I enabled grpc trace logging with GRPC_TRACE=all and didn't really get any useful information except that grpc completes it's shutdown routing BEFORE the application crashes. This is the end of the output before the crash details like the eventlog above.

I1011 15:16:45.019659 4472 logging.cc:48] [external/com_github_grpc_grpc/src/core/lib/iomgr/executor.cc:397]: EXECUTOR Executor::ShutdownAll() enter I1011 15:16:45.019708 4472 logging.cc:48] [external/com_github_grpc_grpc/src/core/lib/iomgr/executor.cc:142]: EXECUTOR (default-executor) SetThreading(0) begin I1011 15:16:45.019782 8912 logging.cc:48] [external/com_github_grpc_grpc/src/core/lib/iomgr/executor.cc:234]: EXECUTOR (default-executor) [0]: shutdown I1011 15:16:45.019886 4472 logging.cc:48] [external/com_github_grpc_grpc/src/core/lib/iomgr/executor.cc:188]: EXECUTOR (default-executor) Thread 1 of 1 joined I1011 15:16:45.019975 4472 logging.cc:48] [external/com_github_grpc_grpc/src/core/lib/iomgr/executor.cc:209]: EXECUTOR (default-executor) SetThreading(0) done I1011 15:16:45.020036 4472 logging.cc:48] [external/com_github_grpc_grpc/src/core/lib/iomgr/executor.cc:142]: EXECUTOR (resolver-executor) SetThreading(0) begin I1011 15:16:45.020119 2420 logging.cc:48] [external/com_github_grpc_grpc/src/core/lib/iomgr/executor.cc:234]: EXECUTOR (resolver-executor) [0]: shutdown I1011 15:16:45.020205 4472 logging.cc:48] [external/com_github_grpc_grpc/src/core/lib/iomgr/executor.cc:188]: EXECUTOR (resolver-executor) Thread 1 of 1 joined I1011 15:16:45.020271 4472 logging.cc:48] [external/com_github_grpc_grpc/src/core/lib/iomgr/executor.cc:209]: EXECUTOR (resolver-executor) SetThreading(0) done I1011 15:16:45.020338 4472 logging.cc:48] [external/com_github_grpc_grpc/src/core/lib/iomgr/executor.cc:426]: EXECUTOR Executor::ShutdownAll() done

ysichrisdag commented 1 year ago

As a temporary work around we have confirmed that signtool.exe from the Windows 8.1 SDK does not have this problem, however signtool from all versions i've tried of Windows 10 SDK do have this issue.
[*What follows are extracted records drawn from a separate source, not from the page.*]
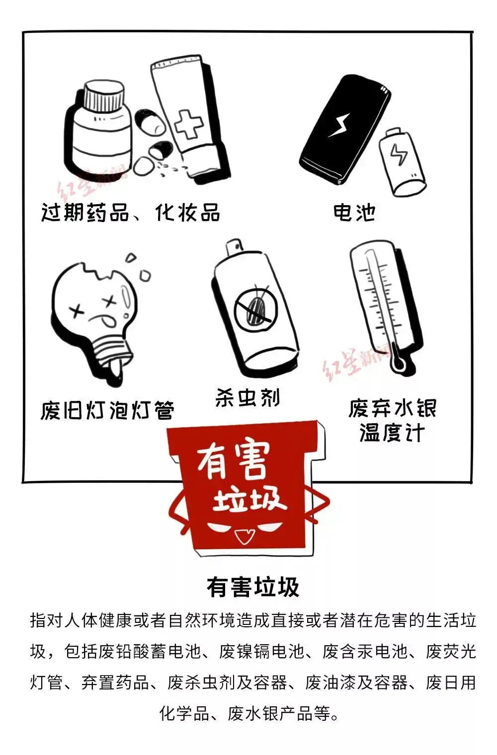 有害垃圾:指对人体健康或者自然环境造成直接或者潜在危害的生活垃圾,包括废铅酸蓄电池、废镍镉电池、废含汞电池、废荧光灯管、弃置药品、废杀虫剂及容器、废油漆及容器、废日用化学品、废水银产品等。
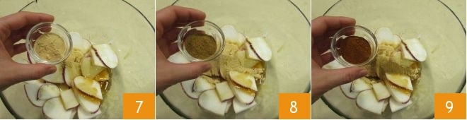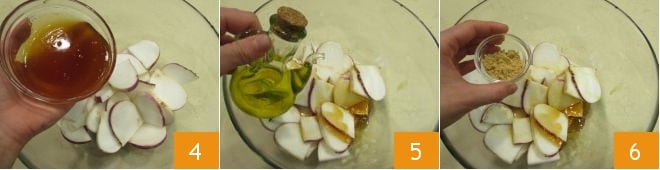 Transfiera los nabos cortados a un bol grande, vierta los 150 g de miel 4, sazone con aceite de oliva 5 y condimente con las especias en polvo. La mostaza 6
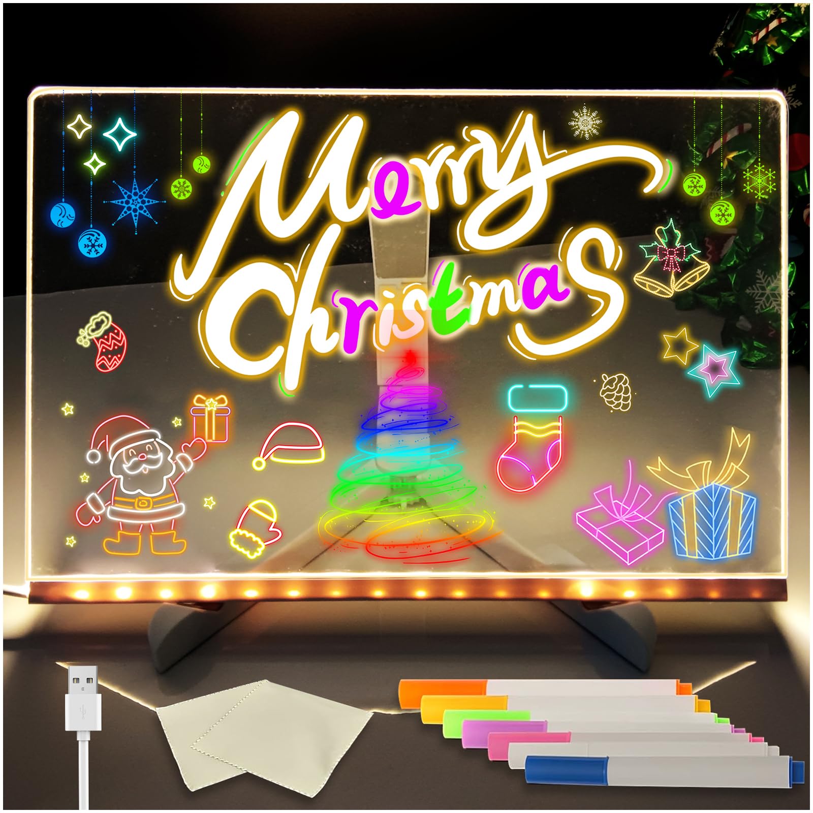 KutaKuta LED Note Board with 7 Colors Pen, Magic Light up Drawing Board Led Drawing Board Led Note Board with Colours, Dry Erase Board with Stand Light up Acrylic Drawing Board for Home Cafe Christmas
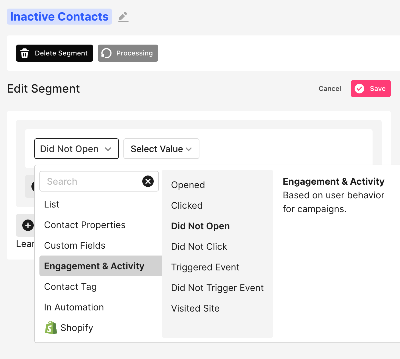 Sendlaneでは、さまざまな要因に基づいてセグメントを作成できます。 ダッシュボードの[セグメント]タブを開くと、多数のオプションを含むドロップダウンメニューからセグメンテーション基準を選択できます。
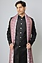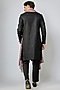 Featuring a black kurta in linen base with threadwork. It is paired with trousers and a kashmiri dupatta. Style it with kolhapuri sandals for a festive occasion, sangeet or engagement ceremony.
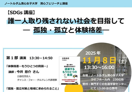 11/8「誰一人取り残されない社会を目指して―孤独・孤立と体験格差―」|清心フェリーチェ講座のお知らせ
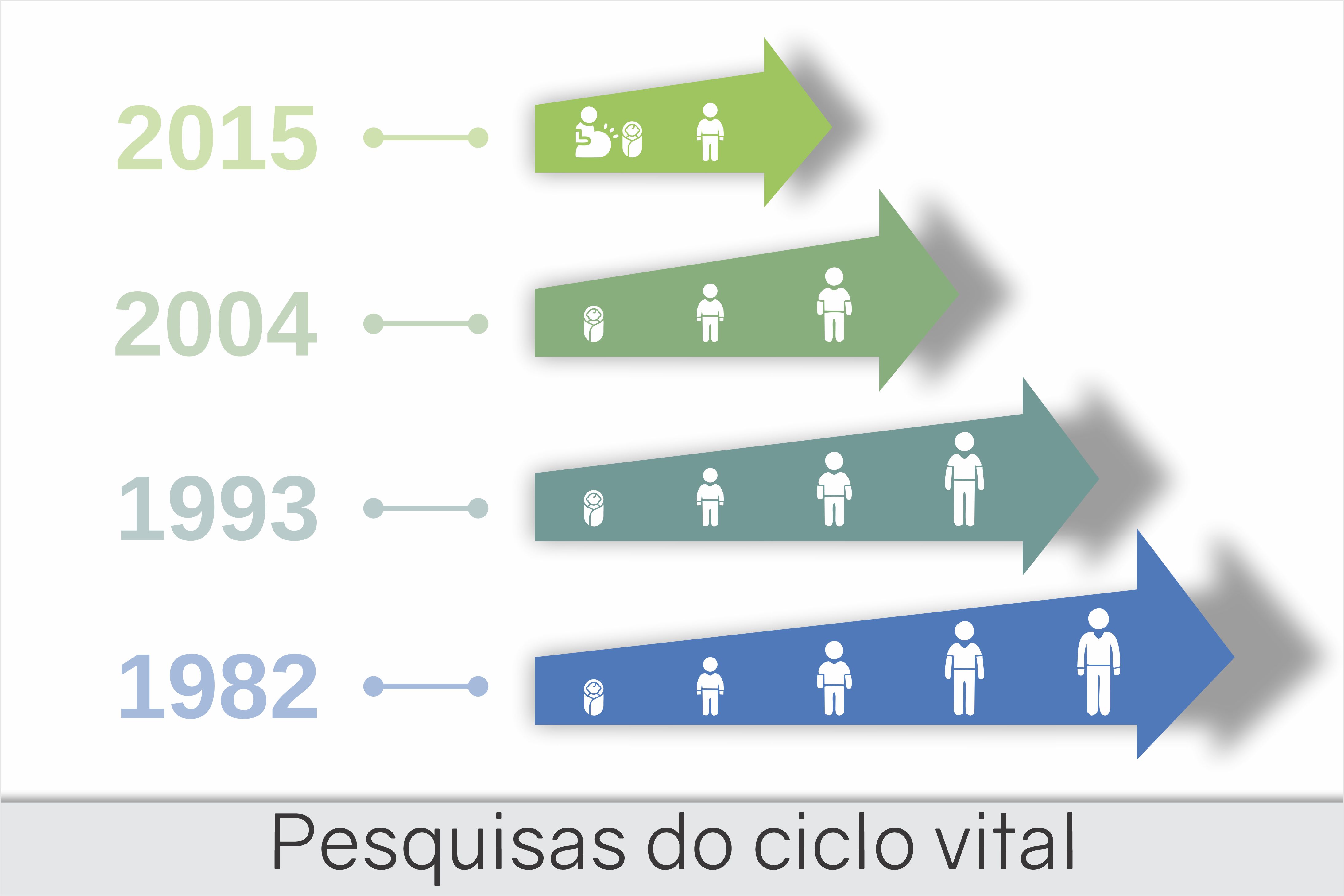 Nós trabalhamos com as Coortes de Nascimentos de Pelotas, no Brasil, as quais estão entre os maiores e mais longos estudos longitudinais no Sul Global.

bdhess commented 1 year ago

I was able to reproduce this and get a stack trace using debugdiag.

DetailID = 1
    Count:    1
    Exception #:  0X80000003
    Stack:        
        ntdll!RtlIsZeroMemory+0xa2
        ntdll!_misaligned_access+0x41a
        ntdll!_misaligned_access+0x6fa
        ntdll!_misaligned_access+0xad79
        ntdll!_misaligned_access+0x3a0
        ntdll!RtlEnterCriticalSection+0xcf4
        ntdll!RtlGetCurrentServiceSessionId+0xbf0
        ntdll!RtlFreeHeap+0x51
        ncrypt!NCryptFreeObject+0x4cb
        CRYPT32!I_CertWnfEnableFlushCache+0xef5a
        CRYPT32!CertCloseStore+0xa3
        signtool+0x34bee
        signtool+0x262c1
        signtool+0x28e35
        signtool+0x2f966
        signtool+0x426f1
        KERNEL32!BaseThreadInitThunk+0x10
        ntdll!RtlUserThreadStart+0x2b

Notably, kmscng isn't in the stack trace. I think signtool has a bug on the code path that is used to close the certificate that was loaded from the filesystem. :-(

obones commented 1 year ago

Thanks for the call stack. The absence of kmscng in the stack trace does not necessarily mean it's not the culprit. I mean, it could trash the heap with a buffer overflow and still be absent from the stack trace when memory is released as seems to be the case. As to why it would trash the heap and/or stack, it's anyone's guess but I would go for either a badly sized array (off by 1) or a platform dependent structure that is wrongly declared. The latter has my preference because the x64 version of signtool is so seldom used, I would not be surprised it's not as field tested as the x86 one.

bdhess commented 1 year ago

@obones I don't think your theory is impossible, but a bug in signtool feels more likely to me.

We're looking into asan/msan builds on Windows so that we can determine this more conclusively.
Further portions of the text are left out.